PROBLEM REQUIREMENTS
Go through the data below and repeat it exactly, skipping each picture.

*** Opening GIVEN RECORDS ***

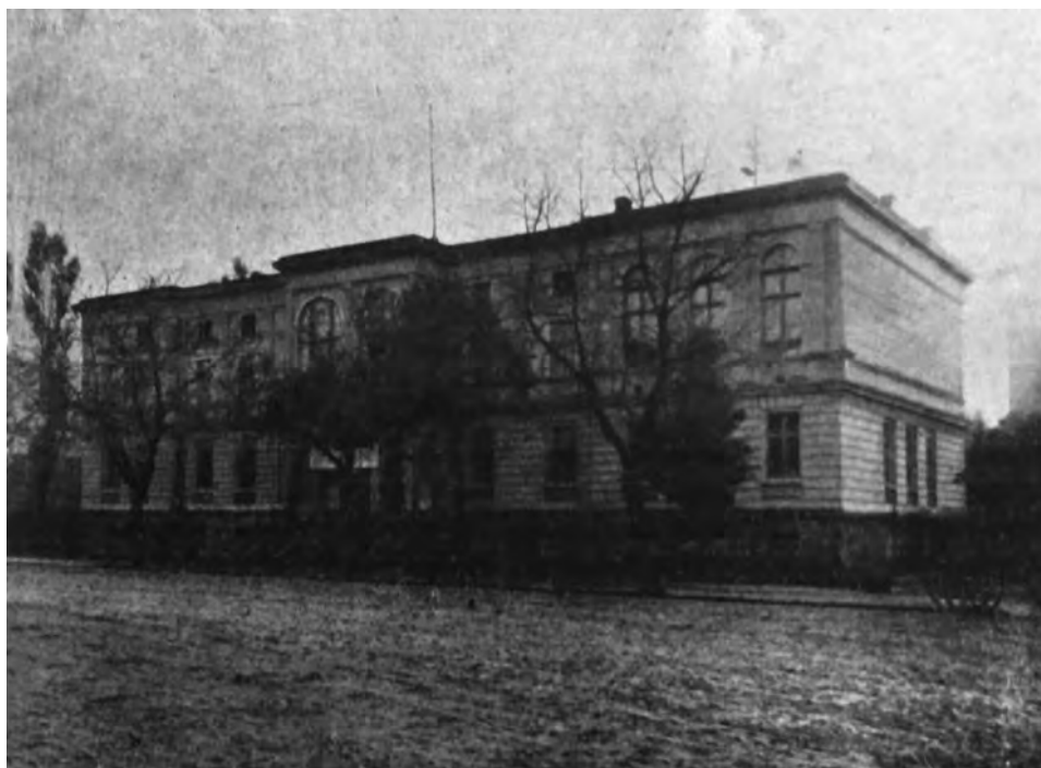
13. Gmach Starostwa Powiatowego w Brodnicy.
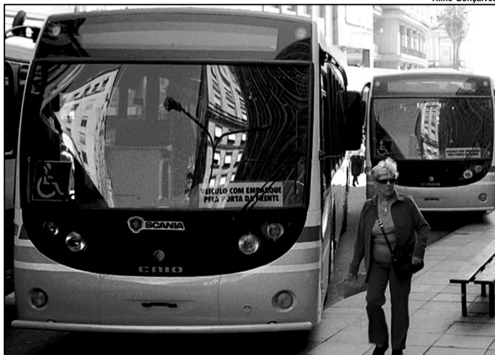
Empresa é a primeira instituição do segmento de transporte a ser reconhecida
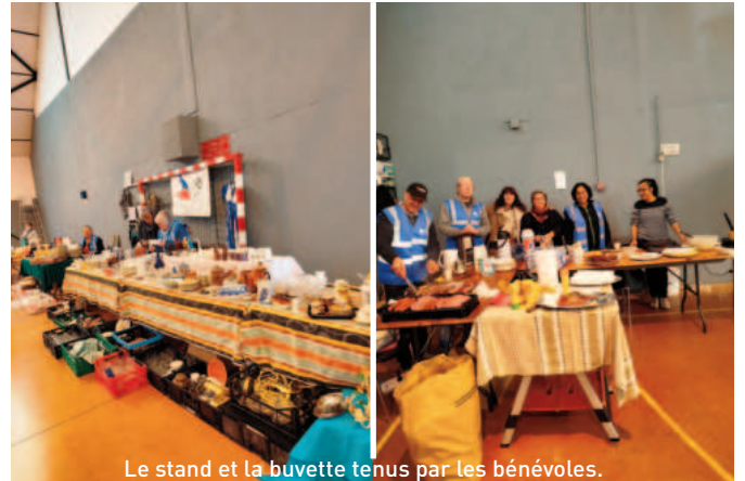
Le stand et la buvette tenus par les bénévoles.

Le Secours Populaire voué à la cause humanitaire a organisé un vide grenier, le 17 novembre dernier. Installés dans la salle polyvalente, la cinquantaine d'exposants proposaient aux visiteurs, quantité d'objets hétéroclite à des prix défiant toute concurrence.
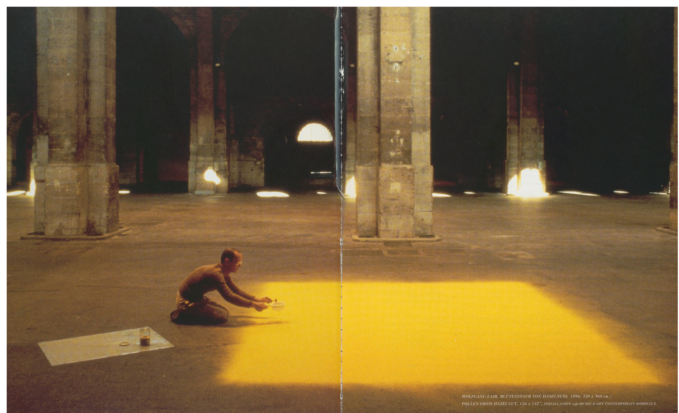
WOLFGANG LAIB, BLÜTENSTAUB VON HASELNUSS , 1986, 320 x 360 cm / POLLEN FROM HAZELNUT , 126 x 142", INSTALLATION capo MUSÉE D'ART CONTEMPORAIN BORDEAUX.

*** Closing GIVEN RECORDS ***

SOLUTION BELOW
13. Gmach Starostwa Powiatowego w Brodnicy.
Empresa é a primeira instituição do segmento de transporte a ser reconhecida
Le stand et la buvette tenus par les bénévoles.

Le Secours Populaire voué à la cause humanitaire a organisé un vide grenier, le 17 novembre dernier. Installés dans la salle polyvalente, la cinquantaine d'exposants proposaient aux visiteurs, quantité d'objets hétéroclite à des prix défiant toute concurrence.
WOLFGANG LAIB, BLÜTENSTAUB VON HASELNUSS , 1986, 320 x 360 cm / POLLEN FROM HAZELNUT , 126 x 142", INSTALLATION capo MUSÉE D'ART CONTEMPORAIN BORDEAUX.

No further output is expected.